The pictures in the listing below are to be skipped, while the lines between the line holding "Sakarya'nın Hendek ilçesindeki" and the line holding "IEC TS 61911:1998", inclusive, are to be output exactly.

:: Entries supplied ::
____

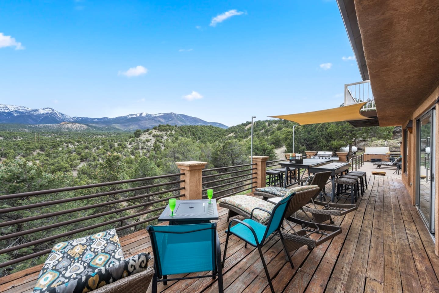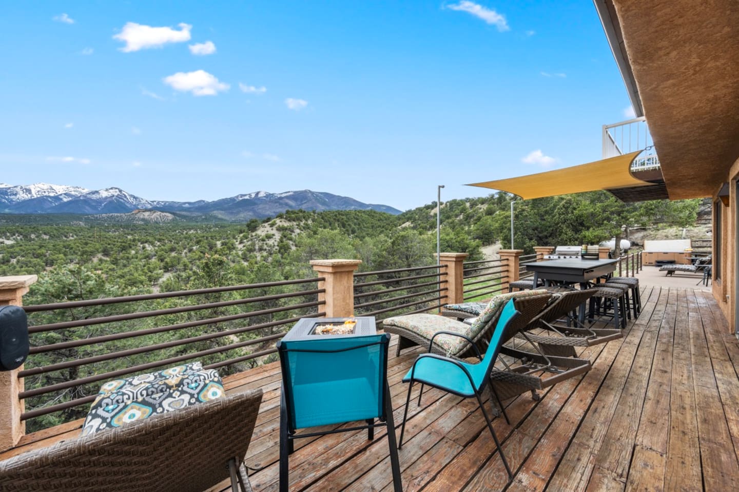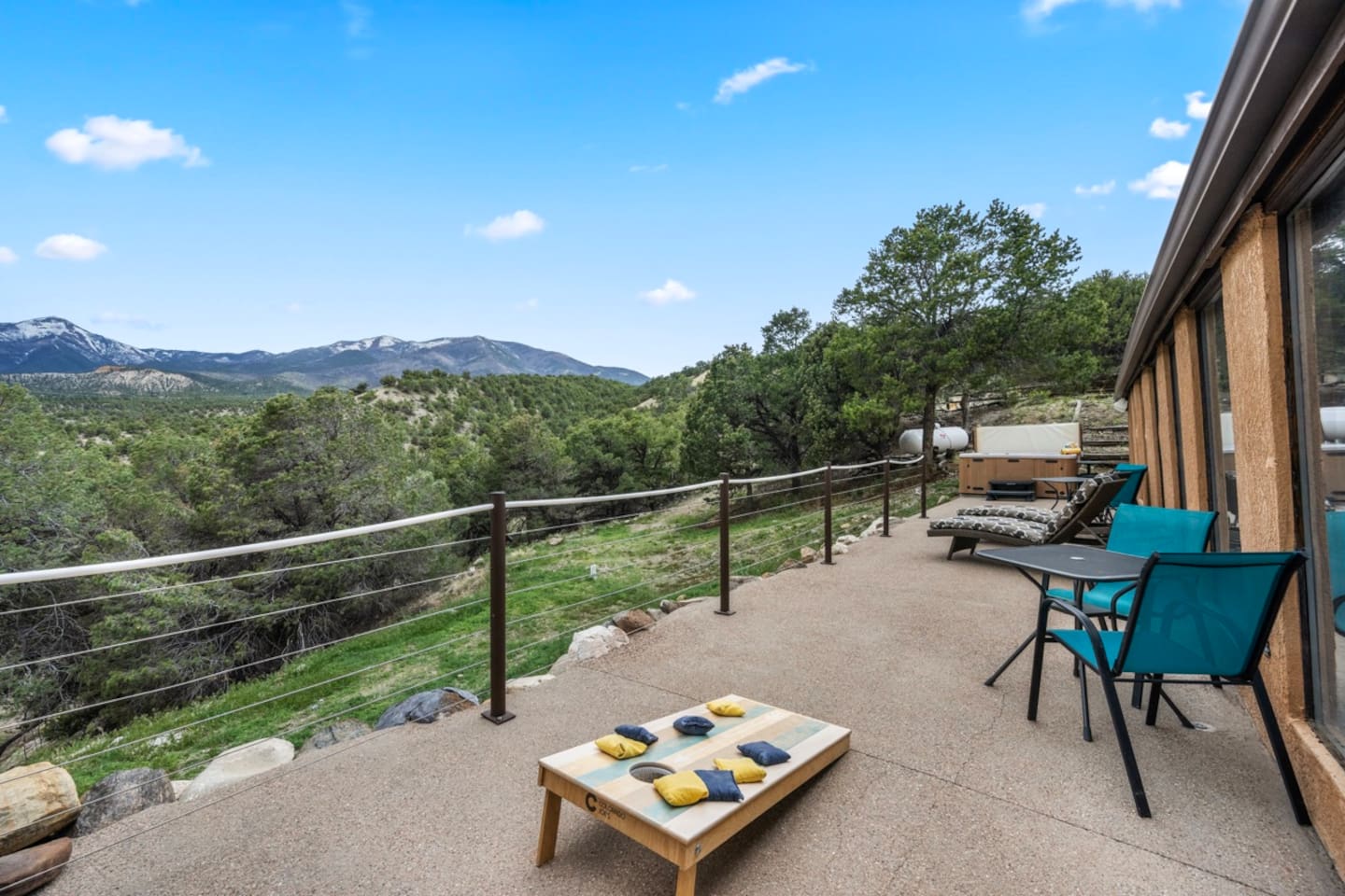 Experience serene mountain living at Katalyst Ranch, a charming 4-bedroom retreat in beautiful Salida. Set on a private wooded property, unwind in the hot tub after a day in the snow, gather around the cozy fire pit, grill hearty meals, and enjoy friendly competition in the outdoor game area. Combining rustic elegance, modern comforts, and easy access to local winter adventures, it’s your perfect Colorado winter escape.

____

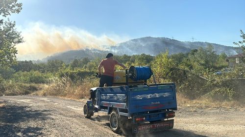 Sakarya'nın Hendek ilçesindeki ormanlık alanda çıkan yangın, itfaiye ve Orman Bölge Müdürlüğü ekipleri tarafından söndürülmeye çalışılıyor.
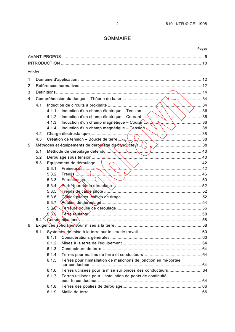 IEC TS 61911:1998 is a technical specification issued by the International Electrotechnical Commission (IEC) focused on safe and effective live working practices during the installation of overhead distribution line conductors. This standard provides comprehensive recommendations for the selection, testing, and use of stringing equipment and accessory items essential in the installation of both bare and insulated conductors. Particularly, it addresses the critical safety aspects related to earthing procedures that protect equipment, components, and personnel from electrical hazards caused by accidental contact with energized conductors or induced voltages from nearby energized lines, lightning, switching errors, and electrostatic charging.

____

:: Task response ::
 Sakarya'nın Hendek ilçesindeki ormanlık alanda çıkan yangın, itfaiye ve Orman Bölge Müdürlüğü ekipleri tarafından söndürülmeye çalışılıyor.
 IEC TS 61911:1998 is a technical specification issued by the International Electrotechnical Commission (IEC) focused on safe and effective live working practices during the installation of overhead distribution line conductors. This standard provides comprehensive recommendations for the selection, testing, and use of stringing equipment and accessory items essential in the installation of both bare and insulated conductors. Particularly, it addresses the critical safety aspects related to earthing procedures that protect equipment, components, and personnel from electrical hazards caused by accidental contact with energized conductors or induced voltages from nearby energized lines, lightning, switching errors, and electrostatic charging.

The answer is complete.